Report in The New Nation on Tuesday quoting senior functionaries of Bangladesh Garment Manufacturers and Exporters Association (BGMEA) said that the one percent service charge of the fund has now become 11 percent making the cost of fund unreasonably high and also risky for many whether the cost-benefit would justify the borrowing. There is no justification why the Finance Ministry should charge 4 percent levy out of the fund when it is grant money and not taxable fund anyway. Then the 5 percent interest that the disbursing banks charge is rather stealing the special nature of the fund and causing it to miss the special target that it seeks to achieve. The high commercial cost of the grant money has become so reckless that it is turning every such special fund mainly grants money into bad loans. People don’t want to borrow at high cost with other conditions leaving the fund unutilized.

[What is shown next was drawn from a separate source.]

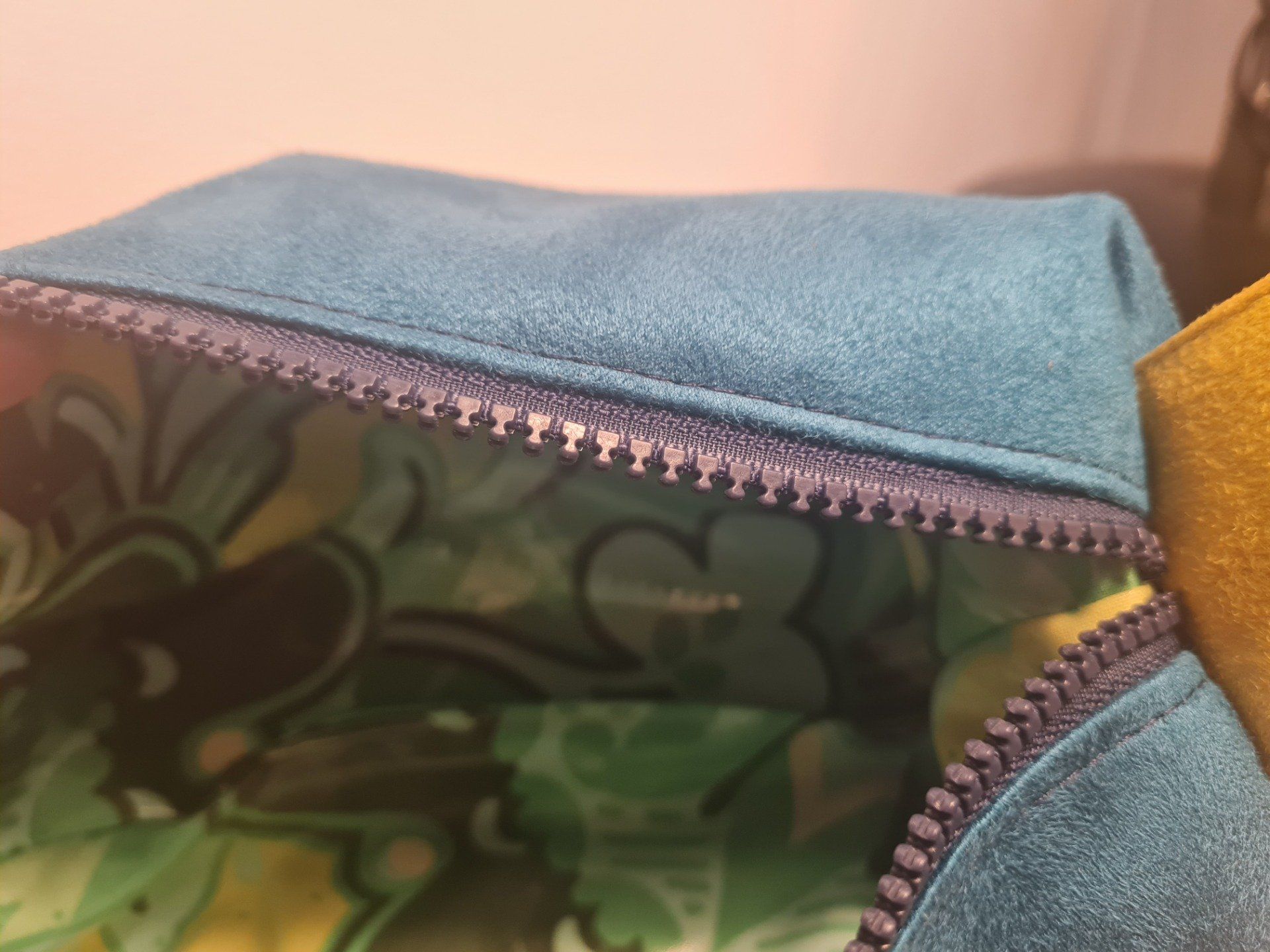 Trousse de toilette en velour lisse bleu, tissu décoratif en velour lisse jaune.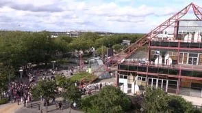 Dodging the trams, the line left Place Franklin to go through shops and restaurants and businesses in the city centre. Passing by the Place de la Reunion the line returned 10 minutes later to climb the Temple Saint-Etienne and fall 40m from the roof to collapse the block towers.

It appears that many factory owners especially with medium to small size factory buildings need at least Taka 5 crore investment on an average to refix the buildings but they are not showing interest to take the high cost loans. Garment factories need several thousand crore taka investment for renovation of buildings to keep buyers in confidence and exports steady. Buyers’ monitoring teams are on regular visit to factories that need refixing the buildings. To them the fund is available but it is failing to lure factory owners at high cost. The central bank or commercial banks have their point that the fund is still less expensive at 11 percent compared to 17 percent interest on such lending.
But the question is why they should treat it as commercial fund and try to make huge profit from it.